*** Begin section ***
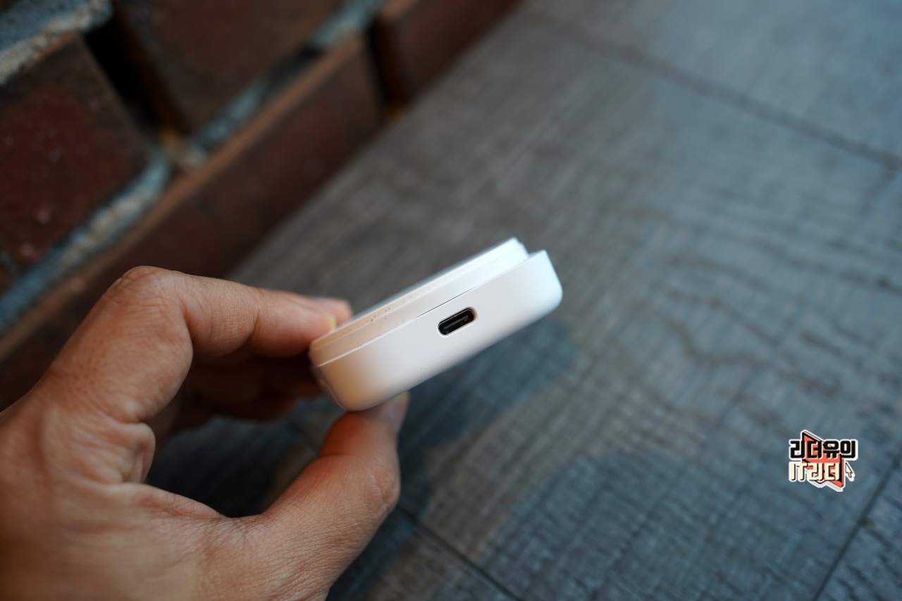 그리고 옆면에는 충전 케이블을 연결할 수 있는 USB-C 단자가 있습니다. 참고로 보기에는 보조배터리처럼 생겼지만 유선으로 연결해서 사용하는 맥세이프 충전기입니다. 자체 충전 기능은 없습니다.
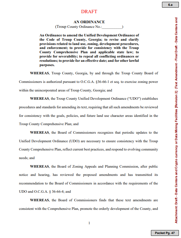 - Troup County, GA unveils draft data center ordinance for unincorporated areas during third 90-day moratorium.
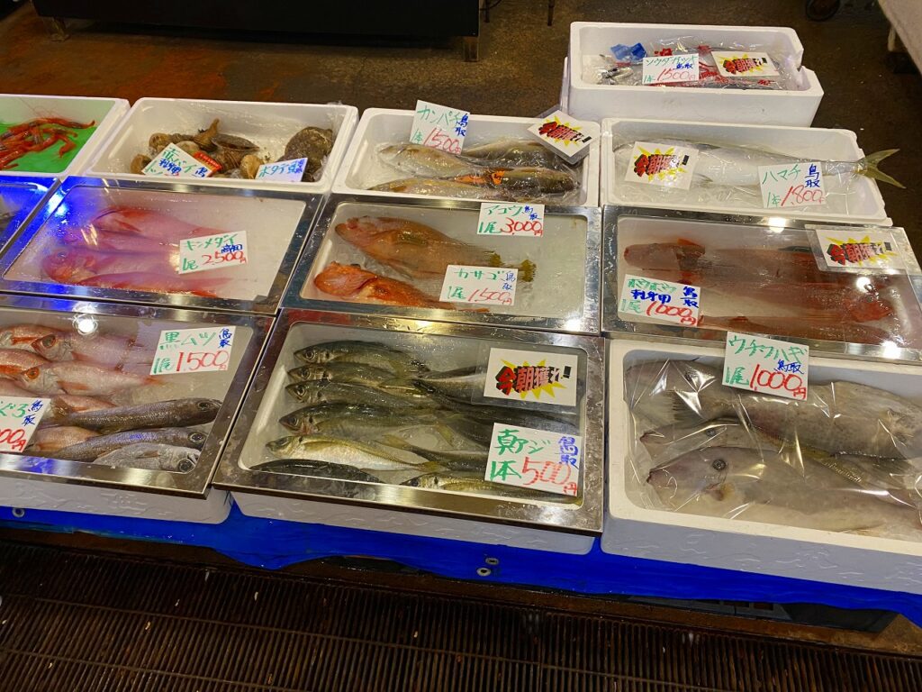 « 怪しい荷物! 遠距離打合せ » 魚介類安い! 株式会社アスクの中村です 先日鳥取県を訪れた際に魚市場へ行ったのですが 販売をしている魚介類の大きさと安さに驚きました ( ゚Д゚) こちらのハマチ一本1800円です (#^.^#) 妻が小さいのか?!魚が大きいのか?! 魚が大きかったです・・・いや・・どちらも正解かな?! (;^ω^)/
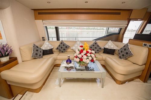 Bên trong "chiến mã" của mỹ nữ này được thiết kế đầy đủ các tiện nghi bao gồm phòng giải trí, phòng ăn ,phòng khách và khu quầy bar, khu tiệc BBQ ngoài trời. Ngay khi du thuyền triệu USD cập bến, những hình ảnh đầu tiên được chủ nhân đăng tải lên facebook. Trước đây việc kiều nữ họ Lý khoe nhà, các thể loại hàng hiệu kim cương đắt giá đã được rất nhiều người trầm trồ nhưng lần này độ chịu chơi của Lý Nhã Kỳ là thuộc hàng thượng thừa.
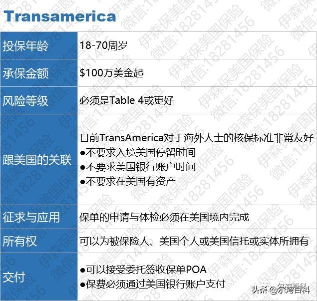 Transamerica投保要求:
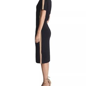 The Rosie dress in navy is a contemporary take on a classic workwear piece. Knitted to a flattering silhouette with side-stripe detailing, this piece works best when worn with a blazer and trainers for a pared-back look.
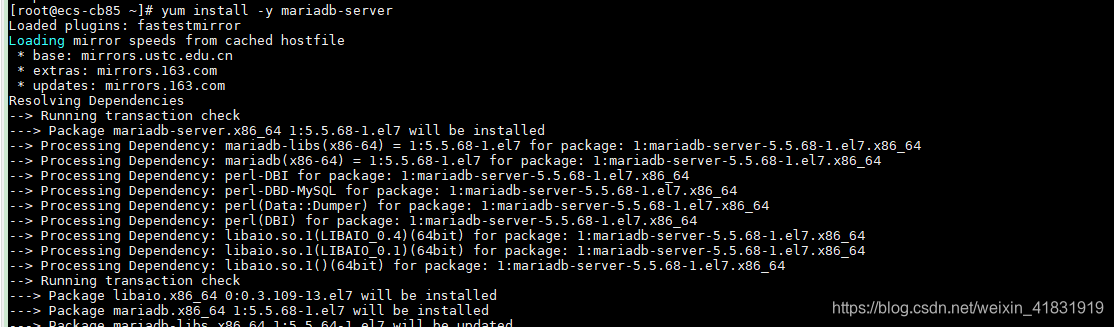 [root@ecs-cb85 ~]# yum install -y mariadb-server
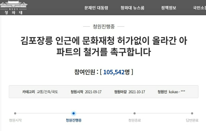 ◆ 손수호> 아직 철거를 하라고 한 건 아닙니다마는 그럴 가능성이있어서 갈등이 심각할 수밖에 없는데 이거 철거해야 된다는 청와대 국민청원 동의가 13만 명이 넘었습니다. 그냥 두면 나쁜 선례가 돼서 앞으로 문화재보호법 어길 생길 거라는 거죠. 또 이게 장릉 쪽으로 200m 더 가까운 곳에 준공한 15층 아파트가 있는데 이때는 문화재청장 허가를 받았어요. 그래서 왕릉 최대한 가리지 않도록 한쪽으로 지어졌습니다.
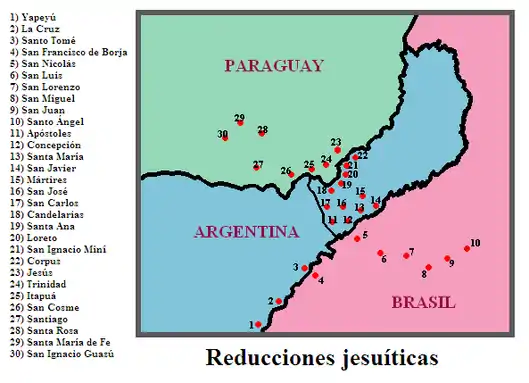 - ↑ An early bandeira in 1628, led by Antônio Raposo Tavares, composed of 2,000 allied Indians, 900 Mamluks (Mestizos) and 69 white Paulistanos, to find precious metals and stones and / or to capture Indians for slavery. This expedition alone was responsible for the destruction of most of the Jesuit missions of Spanish Guairá and the enslavement of more than 60,000 indigenous people. In response, the missions that followed were militarized.
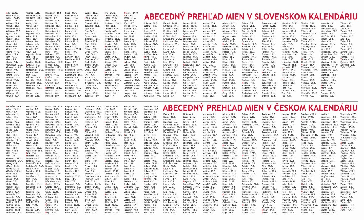 Kalendář: SK/CZ
*** End section ***
▶ _PROBLEM TO SOLVE_
Please give the entries again word for word, without any pictures.

▶ _OUTPUT FOR THIS TASK_
 그리고 옆면에는 충전 케이블을 연결할 수 있는 USB-C 단자가 있습니다. 참고로 보기에는 보조배터리처럼 생겼지만 유선으로 연결해서 사용하는 맥세이프 충전기입니다. 자체 충전 기능은 없습니다.
 - Troup County, GA unveils draft data center ordinance for unincorporated areas during third 90-day moratorium.
 « 怪しい荷物! 遠距離打合せ » 魚介類安い! 株式会社アスクの中村です 先日鳥取県を訪れた際に魚市場へ行ったのですが 販売をしている魚介類の大きさと安さに驚きました ( ゚Д゚) こちらのハマチ一本1800円です (#^.^#) 妻が小さいのか?!魚が大きいのか?! 魚が大きかったです・・・いや・・どちらも正解かな?! (;^ω^)/
 Bên trong "chiến mã" của mỹ nữ này được thiết kế đầy đủ các tiện nghi bao gồm phòng giải trí, phòng ăn ,phòng khách và khu quầy bar, khu tiệc BBQ ngoài trời. Ngay khi du thuyền triệu USD cập bến, những hình ảnh đầu tiên được chủ nhân đăng tải lên facebook. Trước đây việc kiều nữ họ Lý khoe nhà, các thể loại hàng hiệu kim cương đắt giá đã được rất nhiều người trầm trồ nhưng lần này độ chịu chơi của Lý Nhã Kỳ là thuộc hàng thượng thừa.
 Transamerica投保要求:
 The Rosie dress in navy is a contemporary take on a classic workwear piece. Knitted to a flattering silhouette with side-stripe detailing, this piece works best when worn with a blazer and trainers for a pared-back look.
 [root@ecs-cb85 ~]# yum install -y mariadb-server
 ◆ 손수호> 아직 철거를 하라고 한 건 아닙니다마는 그럴 가능성이있어서 갈등이 심각할 수밖에 없는데 이거 철거해야 된다는 청와대 국민청원 동의가 13만 명이 넘었습니다. 그냥 두면 나쁜 선례가 돼서 앞으로 문화재보호법 어길 생길 거라는 거죠. 또 이게 장릉 쪽으로 200m 더 가까운 곳에 준공한 15층 아파트가 있는데 이때는 문화재청장 허가를 받았어요. 그래서 왕릉 최대한 가리지 않도록 한쪽으로 지어졌습니다.
 - ↑ An early bandeira in 1628, led by Antônio Raposo Tavares, composed of 2,000 allied Indians, 900 Mamluks (Mestizos) and 69 white Paulistanos, to find precious metals and stones and / or to capture Indians for slavery. This expedition alone was responsible for the destruction of most of the Jesuit missions of Spanish Guairá and the enslavement of more than 60,000 indigenous people. In response, the missions that followed were militarized.
 Kalendář: SK/CZ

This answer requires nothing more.